Так определял Пушкин свой характер не только в беседе с Кс. Полевым. В письме к В.П. Зубкову от 1 декабря 1826 года он пишет: «Мой нрав – неровный, ревнивый, обидчивый, раздражительный и, вместе с тем, слабый». В другом письме Пушкин пишет: «Я мнителен и хандрлив (каково словечко?)». Пересмотрите с этой точки зрения письма Пушкина. Вечный, неизменный лейтмотив: скука, скука; тоска, тоска… «Я сегодня зол». «Если бы знал ты, как часто бываю я подвержен так называемой хандре». «Скучно, моя радость, вот припев моей жизни». Скучно на юге, скучно в Михайловском. Тоска в Петербурге, тоска в Москве. Цитировать можно до бесконечности. И рядом с этим – пара бессменных «жизнерадостных» цитат, удостоверяющих несокрушимое жизнелюбие Пушкина – письмо его к Плетневу от 22 июля 1831 года: «Опять хандришь! Эй, смотри: хандра хуже холеры…» – и письмо к Нащокину в октябре 1835 года о том, как хорошо жить нехолостяком, окруженным шумящею молодою порослью.
Возражают: эти нерадостные настроения Пушкина вызывались тяжелыми обстоятельствами, в которых он находился. Но жизнерадостность не в том, чтобы радоваться жизни в моменты счастья. В жизни самого несчастливого человека бывают дни и недели, когда вдруг судьба осыплет его радостью, окружит блеском солнца, сверкающею зеленью, влюбленными девичьими улыбками. В эти минуты быть жизнерадостным немудрено; таковы у Пушкина были, например, недели, проведенные осенью 1820 года в Гурзуфе. Жизнерадостность в том, чтобы силою своею жизненности одолевать всякое горе, всякую тоску и скуку, чтобы ударам судьбы противопоставлять ту «могучую стойкость», которою были сильны древние эллины и выразители их духа – Гомер и Архилох. Архилох говорит:
Но и от зол неизбывных богами нам послано средство.

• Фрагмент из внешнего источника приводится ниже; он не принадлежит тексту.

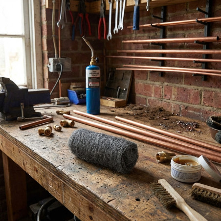 On utilise de la laine d'acier pour nettoyer les tuyaux et raccords en cuivre avant le processus de soudure.
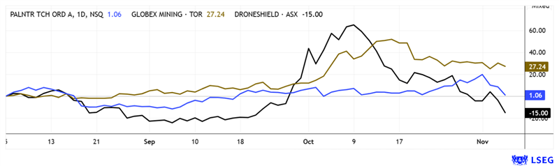 Timing is key! While technology and defense stocks are undergoing a correction for the second time this year, strong mining stocks like Globex Mining saw a substantial increase in value in the third quarter. While the high flyers are stuttering, Globex shareholders still have 27% growth in their coffers, and as much as 37% for the year as a whole on a euro basis. Source: LSEG as of November 10, 2025
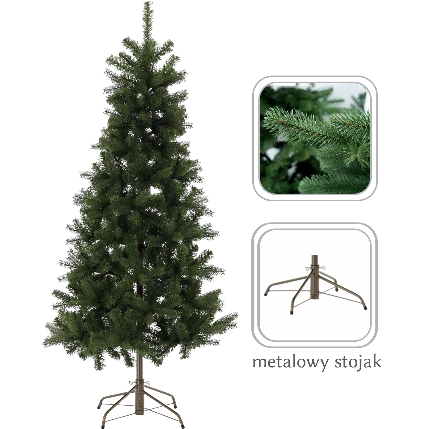 Elegáns, 210 cm magas műkarácsonyfa időtálló dekorációként sűrű PVC ágakkal és stabil fém állvánnyal. Élénkzöld árnyalata természetes hatást kelt, ellenáll a fakulásnak, és könnyű összeszerelést és szétszerelést kínál. Élvezze a valósághű megjelenést, a hosszú élettartamot és a biztonságos stabilitást bőséges díszítés mellett is.
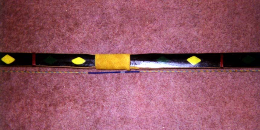 This is the handle of the bow and shows the yellow leather handle and matching arrow pass. The arrow shelf is the top of the handle and consists of 2 pieces of leather glued together and to the wood. The first piece is 1/2 in. wide and the other is 1/4 inch wide. The pieces are sanded and tapered on the bottom to blend nicely together.Both extend to nearly the thickness of the handle.
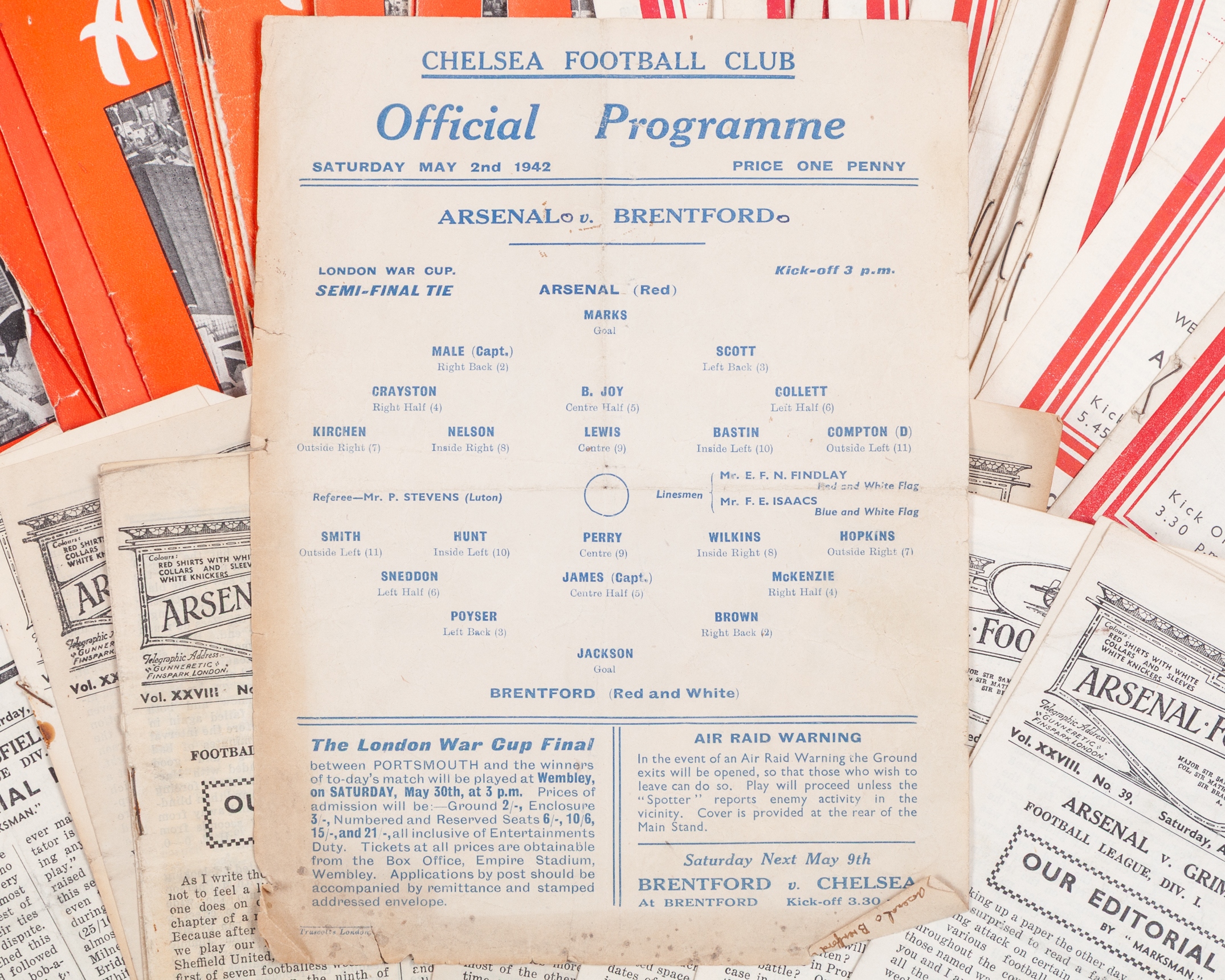 A collection of Arsenal home match programmes from 1942 to 1950, including Brentford, 2nd May 1942, Southampton, 5th September 1942, with text, folds and staining throughout
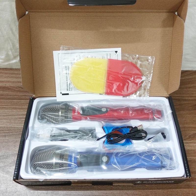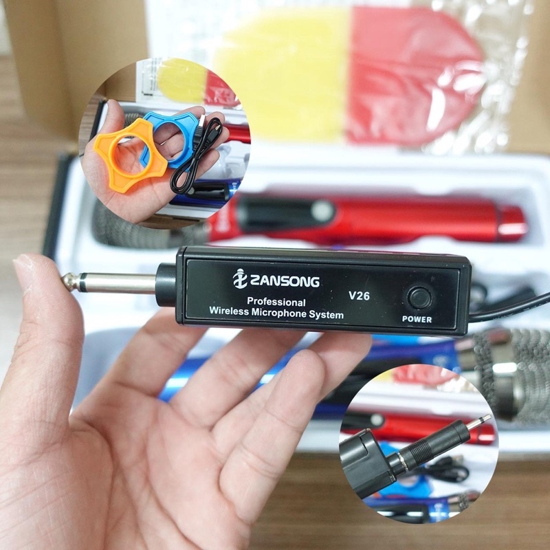 - Bộ sản phẩm gồm: 2 x Micro không dây karaoke cao cấp Zansong V26, 1 x Cục thu phát sóng, 1 x Dây sạc, 1 x Jack av, Tặng 2 x Chụp micro, 2 x Chống lắn, 3 x Pin sạc
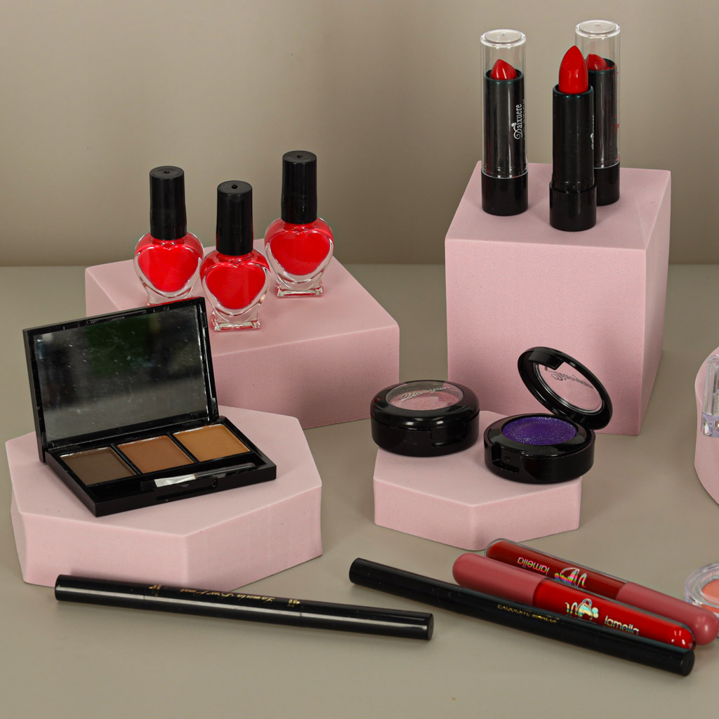 lipsticks, shadows, blushes, varnishes and nail styling accessories
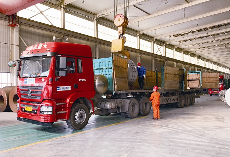 本报讯 (通讯员刘玉红 王凯毅 摄影报道)今年以来,河钢衡板储运公司积极调整运输结构,全方位优化厂外库仓储业务,推动传统运输企业向现代化多样化的物流企业转型,大幅提高车辆的利用率和货物满载率,努力打造精准高效的仓储品牌。元月份,该公司下站量同比增加19.31%。 图为2月1日,河钢衡板储运公司车辆正在库房装载酸洗料。
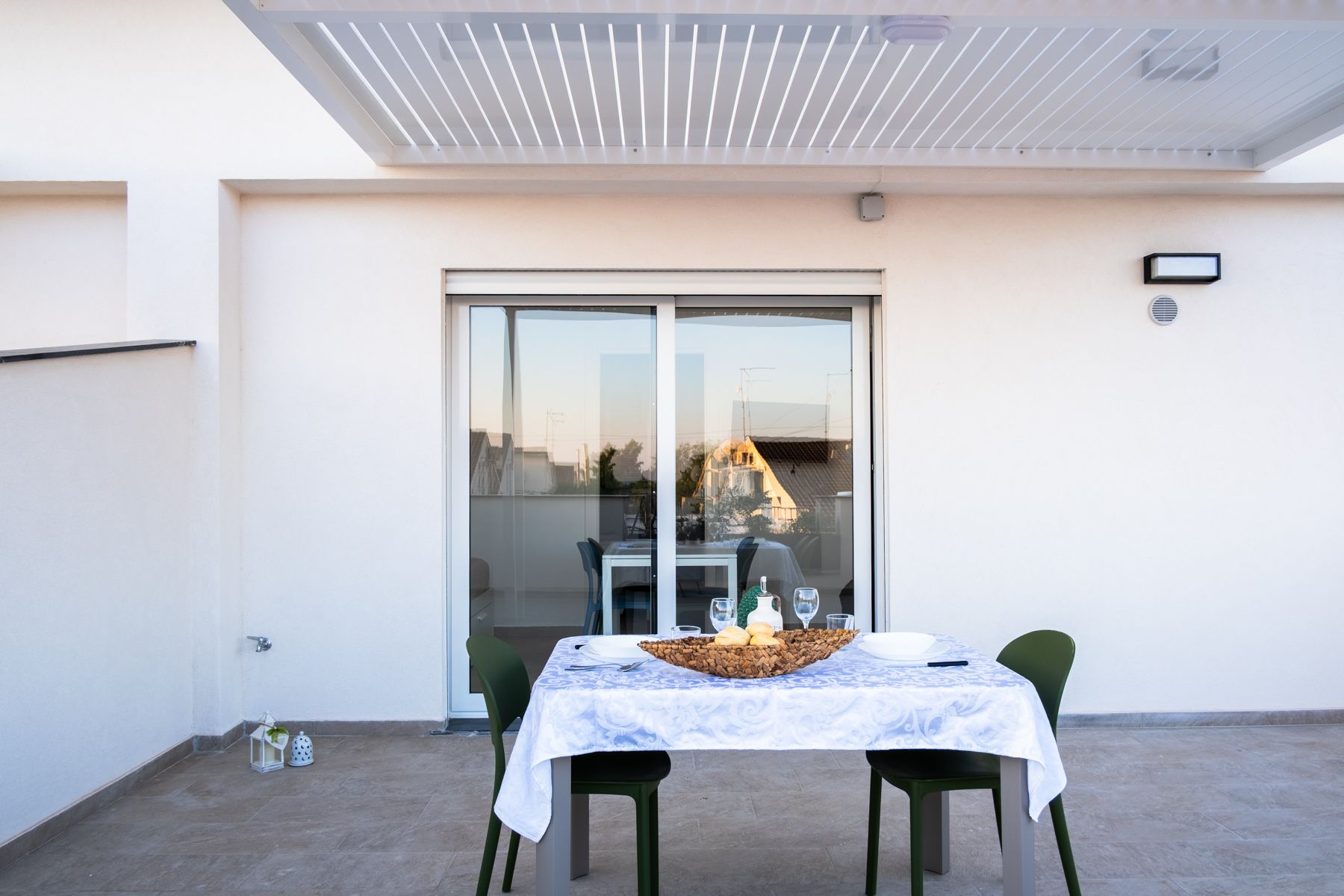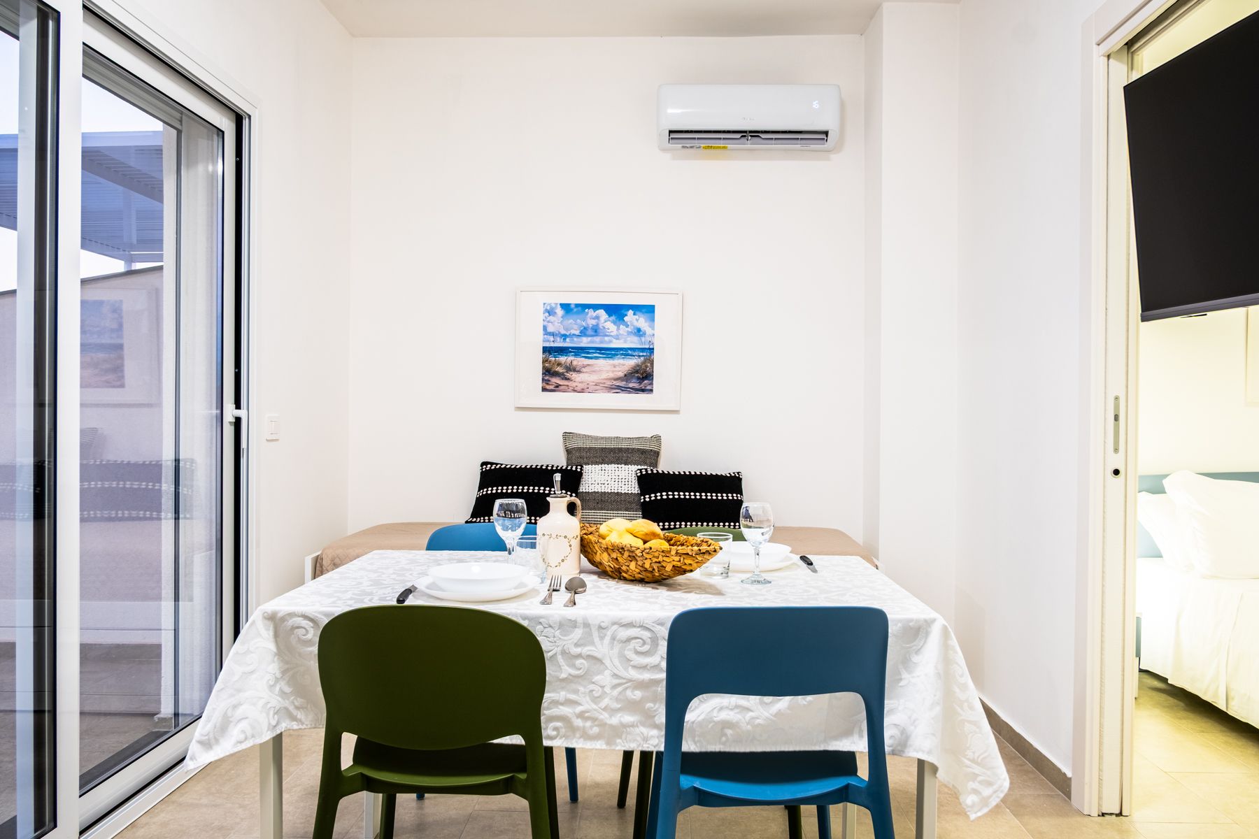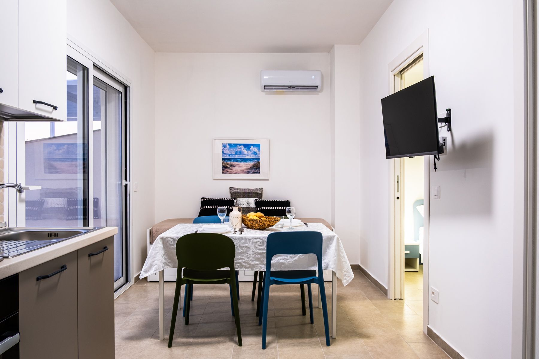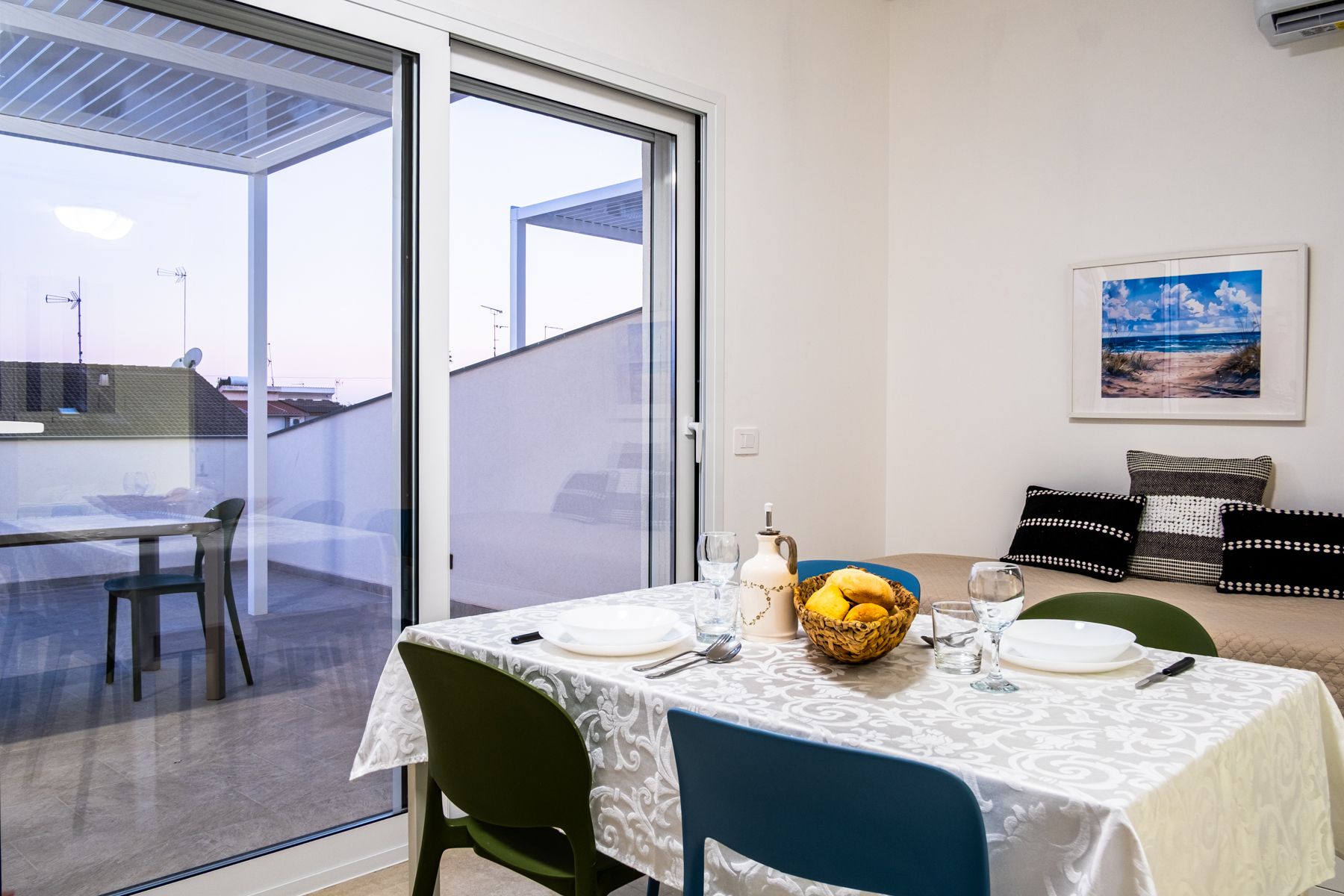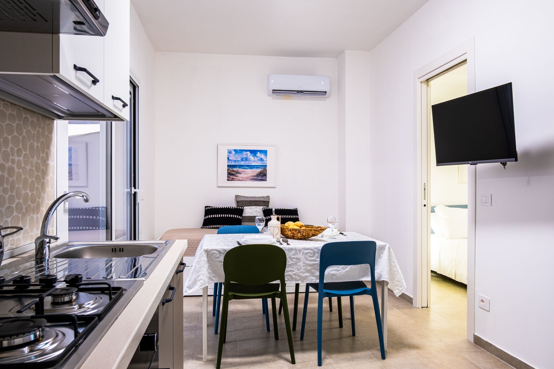 Situati al primo piano, questi bilocali sono perfetti per coppie o famiglie fino a 4 persone che vogliono trascorrere una vacanza rilassante. L’appartamento offre una camera matrimoniale, un bagno moderno e una cucina-soggiorno con divano letto matrimoniale, ideale per vivere momenti di convivialità e comodità. La terrazza attrezzata con tavolo e sedie invita a trascorrere ore piacevoli all’aperto, tra colazioni al sole o cene sotto le stelle. Ogni bilocale dispone di posto auto riservato, e la posizione del residence permette di raggiungere facilmente la spiaggia e le località vicine tramite la pista ciclo-pedonale lungo il mare.

Стойкость могучая, друг, – вот этот божеский дар.
То одного, то другого судьба поражает. Сегодня
С нами несчастье, и мы стонем в кровавой беде.
Завтра в другого ударит. По-женски не падайте духом,
Бодро, как можно скорей, перетерпите беду.
Лев Толстой рассказывает про Пьера Безухова, отражающего истинно жизнелюбивую душу самого Толстого: пленный Пьер «испытывал почти крайние пределы лишений, которые может переносить человек. И именно в это самое время от получил то спокойствие и довольствие собой, к которым он тщетно стремился прежде… Ему было страшно; но он чувствовал, как по мере усилий, которые делала роковая сила, чтобы раздавить его, в душе его вырастала и крепла независимая от нее сила жизни… В плену, в балагане, Пьер узнал не умом, а всем существом своим, жизнью, что человек сотворен для счастья, что счастье в нем самом. Но теперь, в эти последние три недели похода, он узнал еще новую, утешительную истину, – он узнал, что на свете нет ничего страшного».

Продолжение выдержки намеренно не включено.